При виде своей молодой жены новоявленный мусульманин расцвел такой радостью, что Кайманов и Самохин только молча переглянулись, а Самохин подумал: «Черт возьми, на такое дело тоже надо решиться».
Молчание затягивалось. Вареня´, делая вид, что углубился в чтение, раза два уже глянул на старшего политрука, ожидая, что еще он ему преподнесет.
— Жениться или не жениться, конечно, ваше право, — сказал Андрей, — но ведь не обязательно на такие меры идти. Могли бы и на своем настоять. Юлдуз — современная девушка, рот платком не закрывает, с мужчинами говорит, как равная...
— Колы б одна Юлдуз, — рассудительно возразил Вареня´. — Вона б в мэнэ через нидилю тикэ на украиньской мови розмовляла. А вы идить побалакайтэ со старой, ии матерью, тей шо вам як Серко зубы выскаляла...

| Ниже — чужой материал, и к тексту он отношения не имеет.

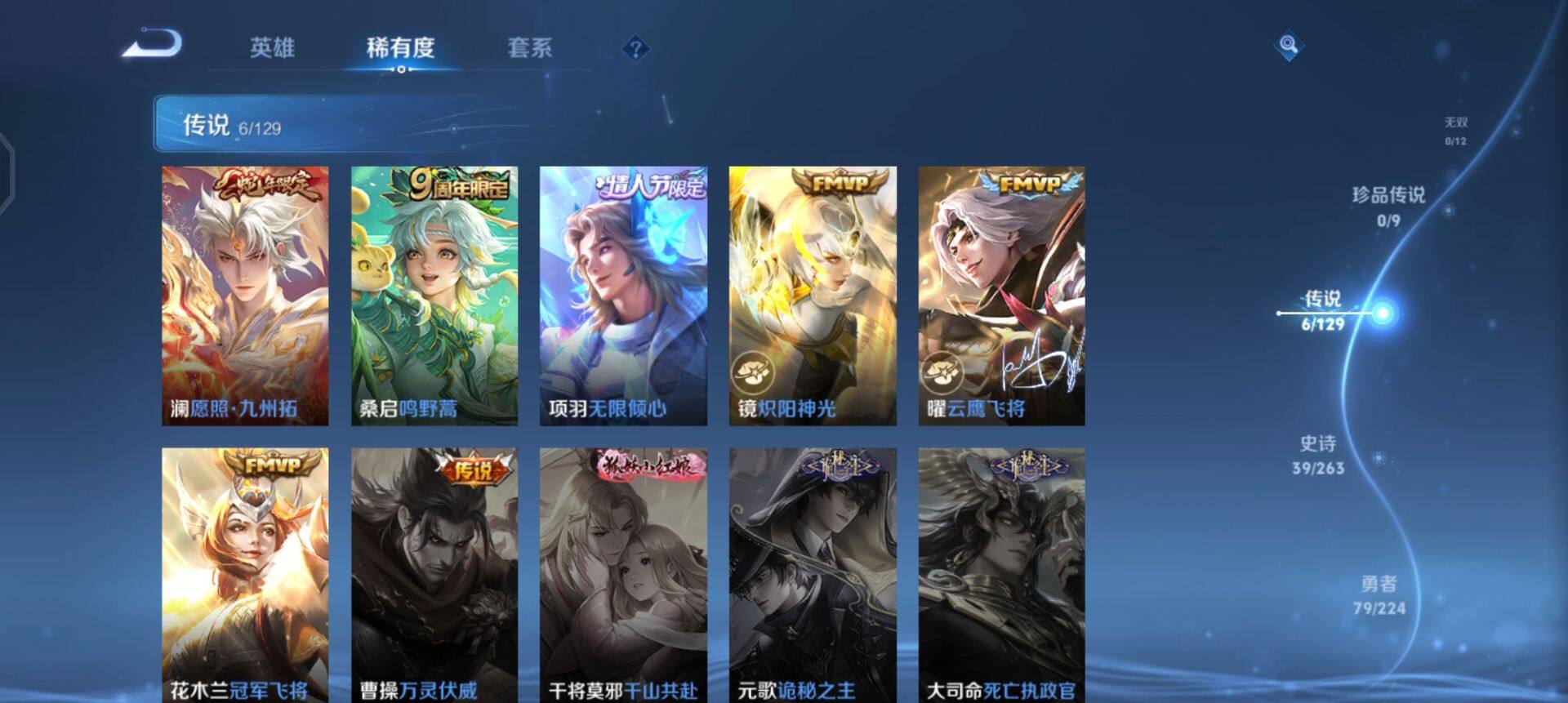 【传说皮肤】:澜愿照九州拓,桑启鸣野蒿,项羽无限倾心,镜炽阳神光,曜云鹰飞将,花木兰冠军飞将

Вареня´ изобразил для убедительности улыбку «старой», растянув рот и показав два ряда зубов: ровных и белых от неограниченного употребления фруктов. — Та ще й родни у тией видьмы, мабудь, цилых тры хутора... Тут не тэ шо у мусульманство, у туретчину перейдеш.

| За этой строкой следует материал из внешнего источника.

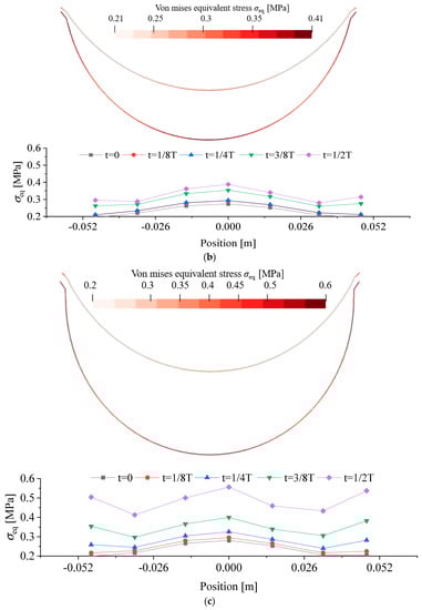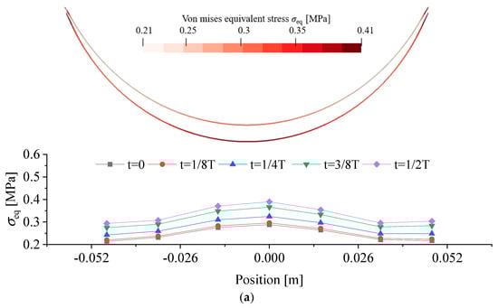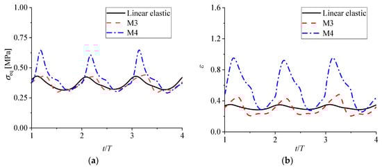 To better understand the membrane deformation in relation to the material stress induced by the hydrodynamic pressure, Figure 17 plots the instantaneous stress distribution along the membrane as well as the maximum and minimum membrane displacements. A comparison between the linear-elastic and a hyper-elastic M3 materials, displayed in Figure 17a,b, indicates that M3 had a larger deformation than the linear-elastic one, although their stress varied in the same range of σeq = 0.21–0.41. This observation highlights the superiority of using a hyper-elastic material over using a linear-elastic material if a large displacement is desirable. Again, this was proven by the much softer material of M4 shown in Figure 17c. The time-dependent stress and strain variation at the tip of the membrane is shown in Figure 18a and b. This confirms the above findings from Figure 17, with some additional information added on the appearance of nonlinearity of the material associated with the hyper-elastic material M4.

— Не хуторы, а аулы, Вареня´, — поправил его Самохин. — В Турции, кстати, исповедуют тоже ислам.
— Та и я кажу: аулив, — охотно согласился Вареня´. — Ну так шо ж мени було робыть? Га? А, думаю, хай будэ, як воны хочуть! Докы ж неженатым ходыть?

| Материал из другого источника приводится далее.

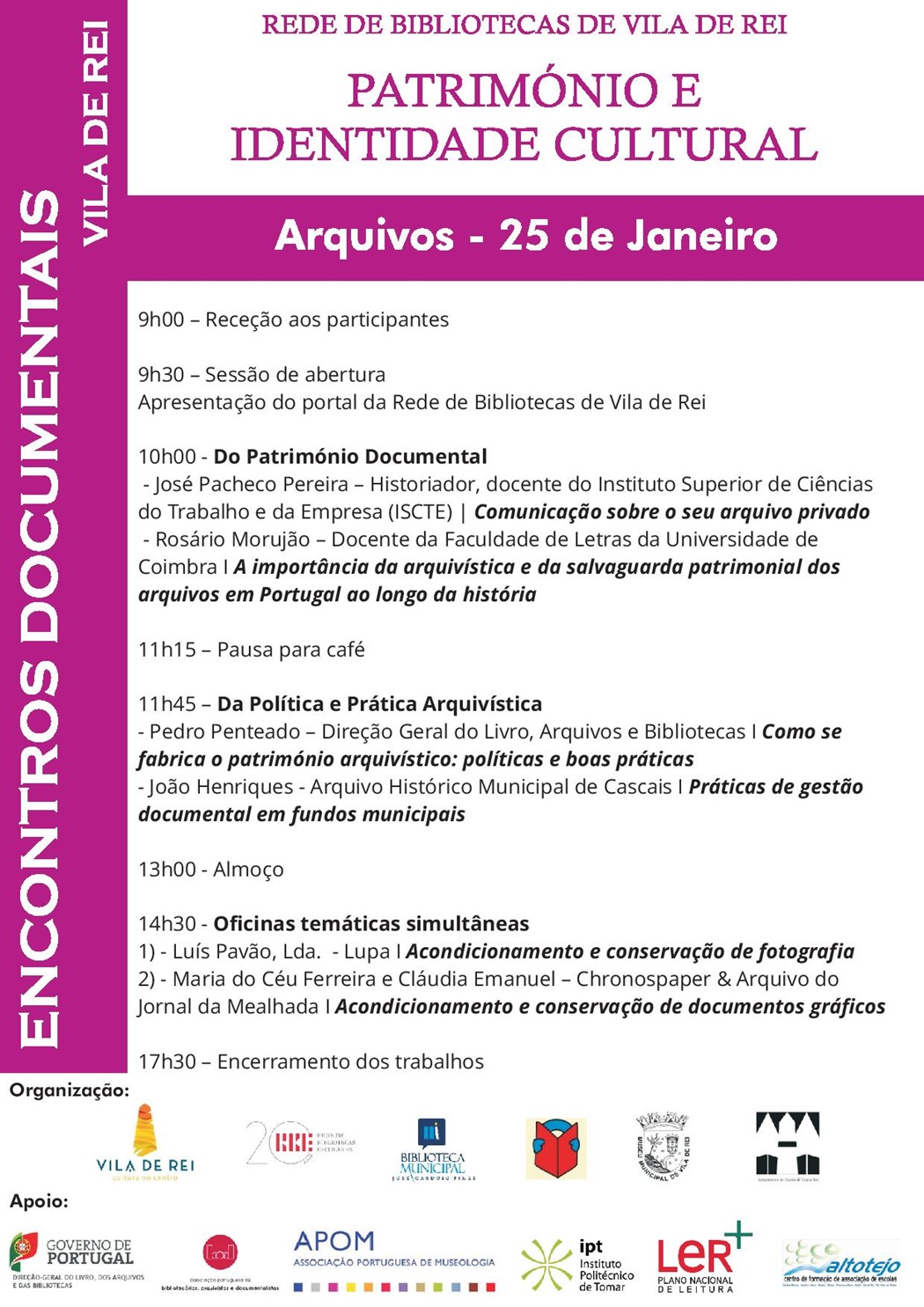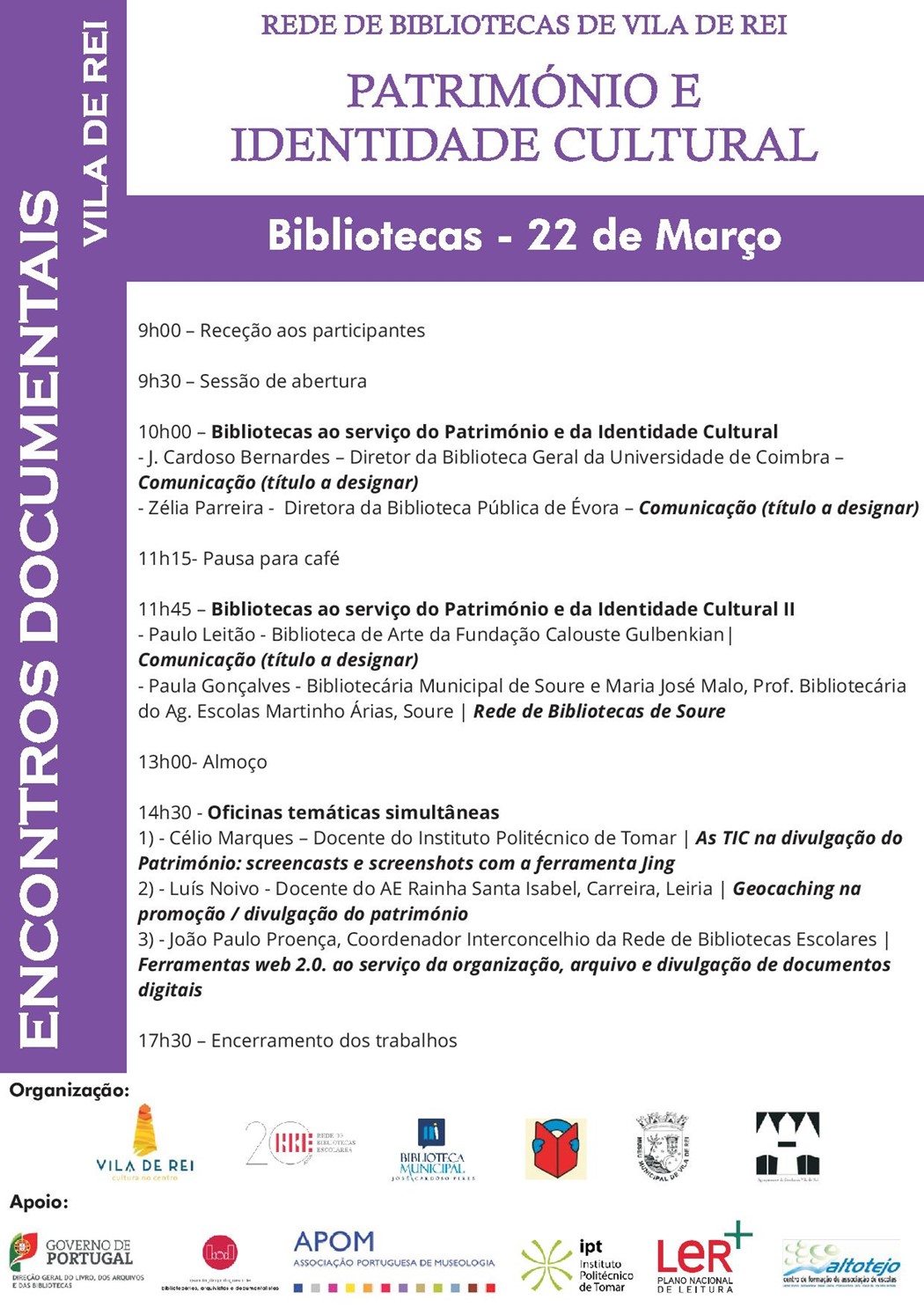 Organizada pela Rede Concelhia de Bibliotecas de Vila de Rei e com “Património e Identidade Cultural” como pano de fundo, a iniciativa vai voltar a juntar um painel de oradores com nome firmado nestas áreas, debatendo assuntos importantes quer para a profissão em si quer para os serviços e cidadãos.

— Кто они? — спросил Самохин. — Нам со старшим лейтенантом тоже хотелось бы знать, кто тут у вас воду мутит.
— Я ж казав: цилых тры хутора, чи то аулив. Хиба ж усих позапоминаешь?
— Не хотите говорить, не надо, — сказал Самохин. — А за то, что мусульманство приняли, придется отвечать перед комсомольской организацией.
— Все одно отвечать, — отозвался Вареня´. — Так хочь женатым. Уси хлопци з жинками живуть, а я шо? У бога теля зъив, чи шо?
— У какого бога, Вареня´? У аллаха, что ли?
— Та, мабудь, зараз так. У аллаха... А зироньку мою Юлдуз я ж так люблю, так люблю, товарищ старший лейтенант, шо хай мэнэ хочь на кусочки порижуть, тике шоб, коли ризать будуть, вона на менэ своими чудовыми очамы дывылась...
В комнату вернулась Юлдуз, выставила роскошное по военному времени угощение: коурму, шурпу, жареную баранину на ребрышках и даже плов.
Посередине салфетки построились хороводом белые фарфоровые чайники с геок-чаем. Как завершение архитектурного ансамбля в центре появилась пол-литровая бутылка с прозрачной жидкостью.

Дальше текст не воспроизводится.